Data excerpts section start

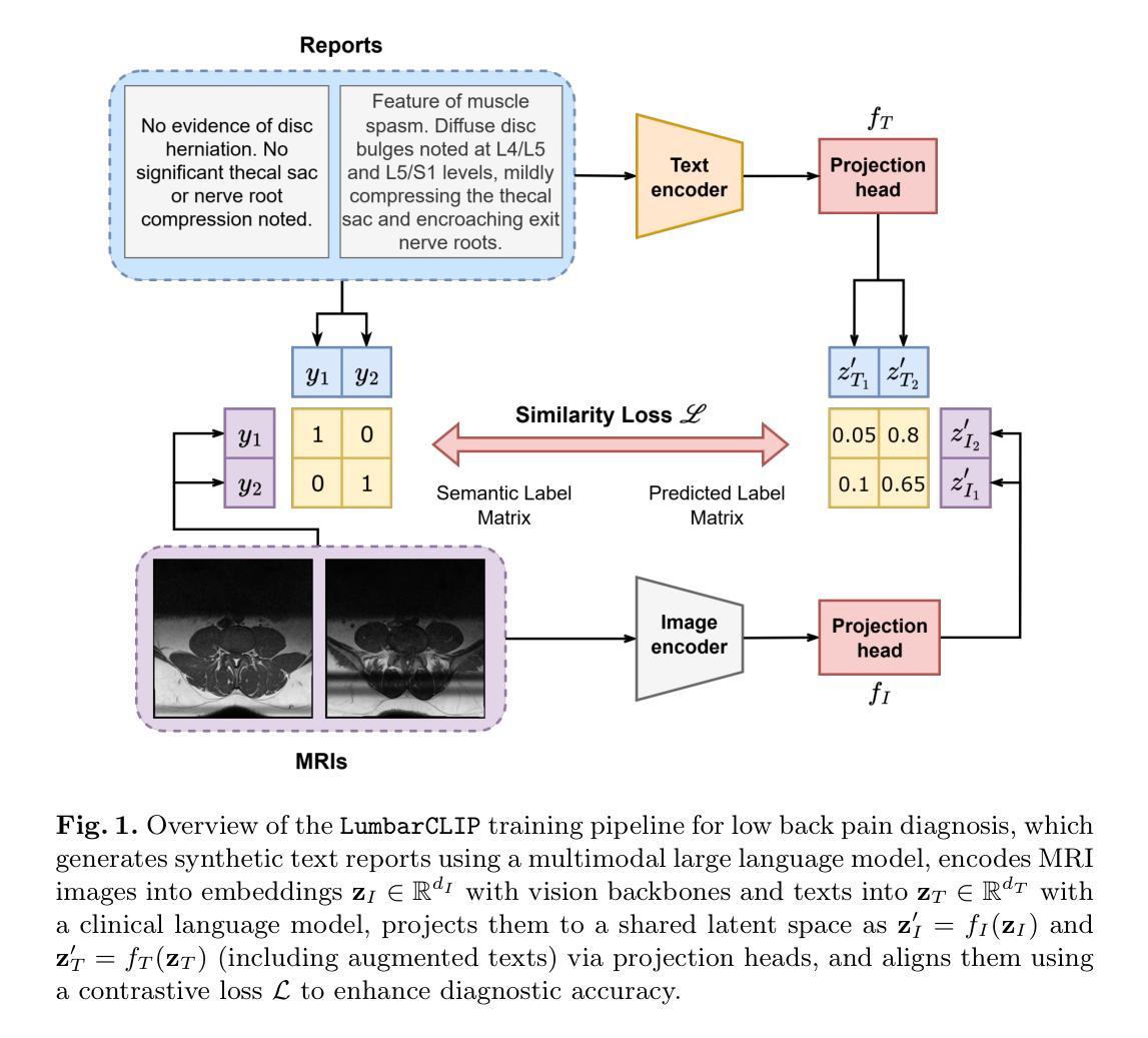 - 它利用对比语言图像预训练技术,将腰椎MRI扫描与放射学描述对齐。
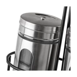 Set composé d’un support en métal noir et de porte condiments en métal argenté (sel, poivre). Dimensions: 12.5×6.5x15cm – Dimensions pot: 4.7×4.7×8.10cm – Contenance: 100ml – Matière: Métal – Couleur: Noir et Argenté
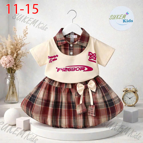 A488144 - Set váy áo may cổ trụ phối karo thêu đắp in chữ F426BOR_Size 11-15
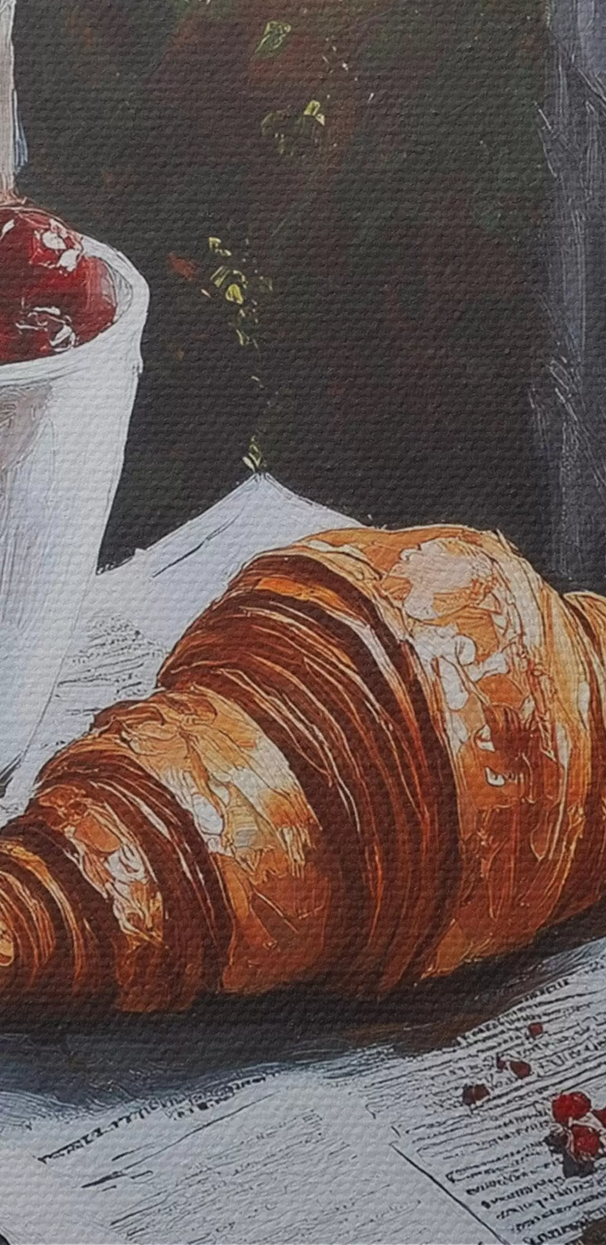 Okrągły obraz Paryski poranek, kawa z rogalikami, widok na miasto, rysunek olejny Nr r43892
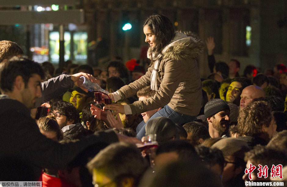 当地时间11月15日凌晨,法国里昂市中心,2012博若莱新酒正式上市,市民聚集在一起欢乐畅饮。
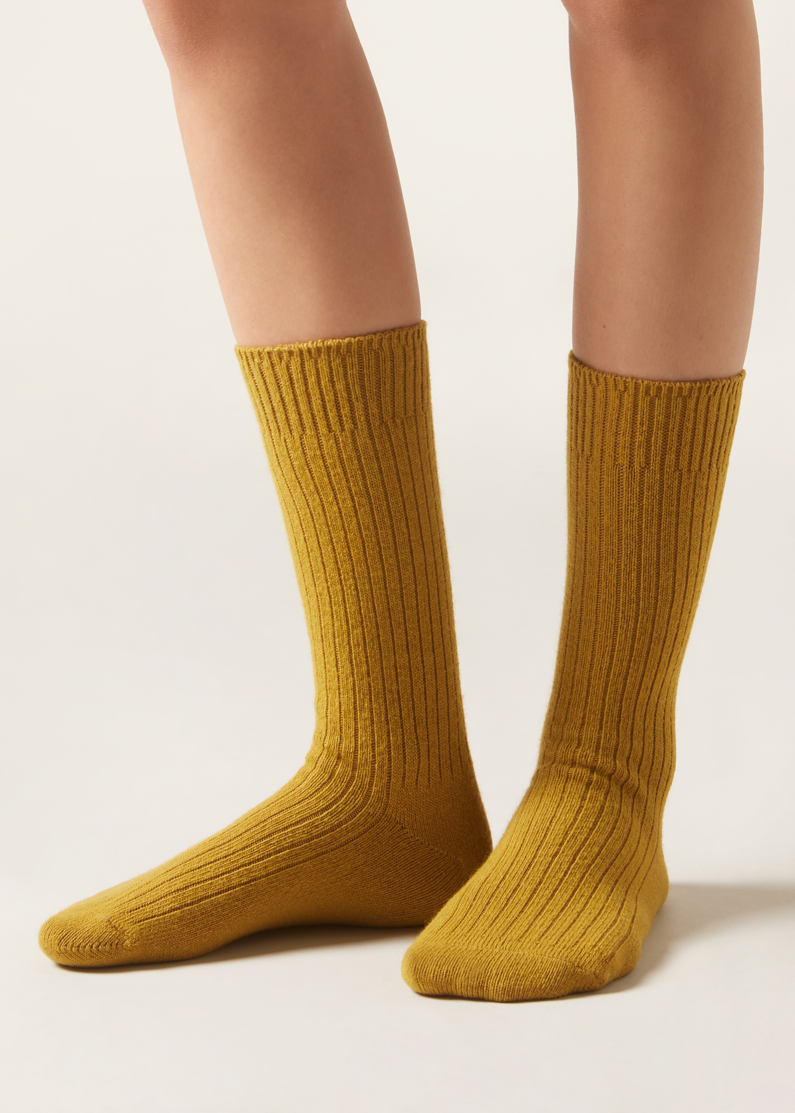 Короткие носки в рубчик из теплой и мягкой пряжи с шерстью и кашемиром.
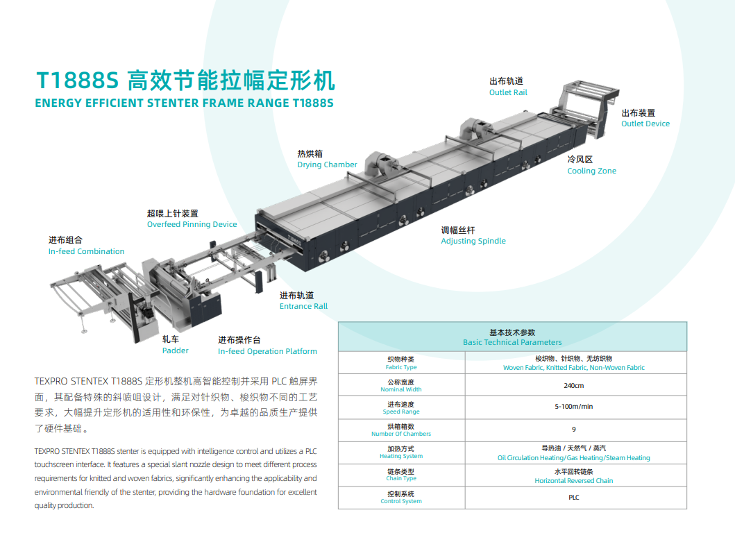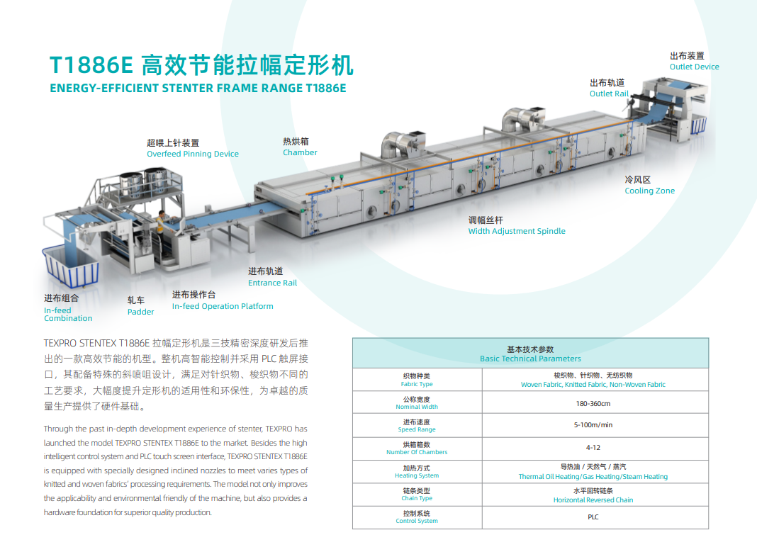 產(chǎn)品簡介:TEXPRO STENTEX T1886E 拉幅定形機是三技精密深度研發(fā)后推 出的一款高效節(jié)能的機型。整機高智能控制并采用 PLC 觸屏接 口,其配備特殊的斜噴咀設(shè)計,滿足對針織物
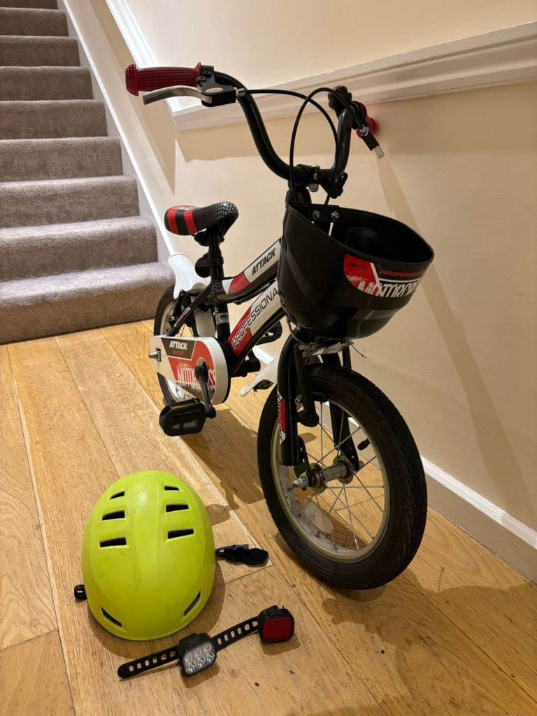 Posting for under a monthKids Bike (14'' Wheels) – Training Wheels, Helmet & Lights Included
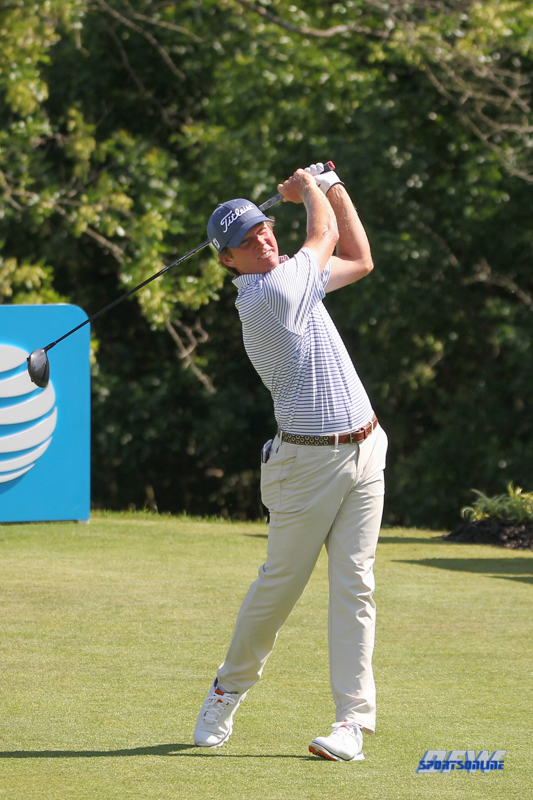 DALLAS, TX - MAY 18: Derek Fathauer (USA) hits from the 9th tee during the second round of the AT&T Byron Nelson on May 18, 2018 at Trinity Forest Golf Club in Dallas, TX. (Photo by George Walker/Icon Sportswire)
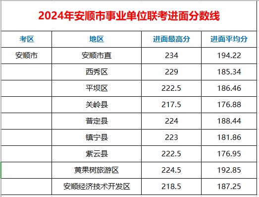 2025年贵州安顺事业单位联考笔试多少分可以进面?根据往年安顺进面分数来看,最高进面分为234分,最低进面分217.5分,为了考生能够了解更安顺各县区进面分情况,贵州金粉笔教育整理安顺各县区进面分数详情,可提供考生查看(仅供参考)!

Data excerpts section end

#### [Problem requirements]
Each line of the data needs to be output exactly, with any image excluded.

#### [Response for this exercise]
 - 它利用对比语言图像预训练技术,将腰椎MRI扫描与放射学描述对齐。
 Set composé d’un support en métal noir et de porte condiments en métal argenté (sel, poivre). Dimensions: 12.5×6.5x15cm – Dimensions pot: 4.7×4.7×8.10cm – Contenance: 100ml – Matière: Métal – Couleur: Noir et Argenté
 A488144 - Set váy áo may cổ trụ phối karo thêu đắp in chữ F426BOR_Size 11-15
 Okrągły obraz Paryski poranek, kawa z rogalikami, widok na miasto, rysunek olejny Nr r43892
 当地时间11月15日凌晨,法国里昂市中心,2012博若莱新酒正式上市,市民聚集在一起欢乐畅饮。
 Короткие носки в рубчик из теплой и мягкой пряжи с шерстью и кашемиром.
 產(chǎn)品簡介:TEXPRO STENTEX T1886E 拉幅定形機是三技精密深度研發(fā)后推 出的一款高效節(jié)能的機型。整機高智能控制并采用 PLC 觸屏接 口,其配備特殊的斜噴咀設(shè)計,滿足對針織物
 Posting for under a monthKids Bike (14'' Wheels) – Training Wheels, Helmet & Lights Included
 DALLAS, TX - MAY 18: Derek Fathauer (USA) hits from the 9th tee during the second round of the AT&T Byron Nelson on May 18, 2018 at Trinity Forest Golf Club in Dallas, TX. (Photo by George Walker/Icon Sportswire)
 2025年贵州安顺事业单位联考笔试多少分可以进面?根据往年安顺进面分数来看,最高进面分为234分,最低进面分217.5分,为了考生能够了解更安顺各县区进面分情况,贵州金粉笔教育整理安顺各县区进面分数详情,可提供考生查看(仅供参考)!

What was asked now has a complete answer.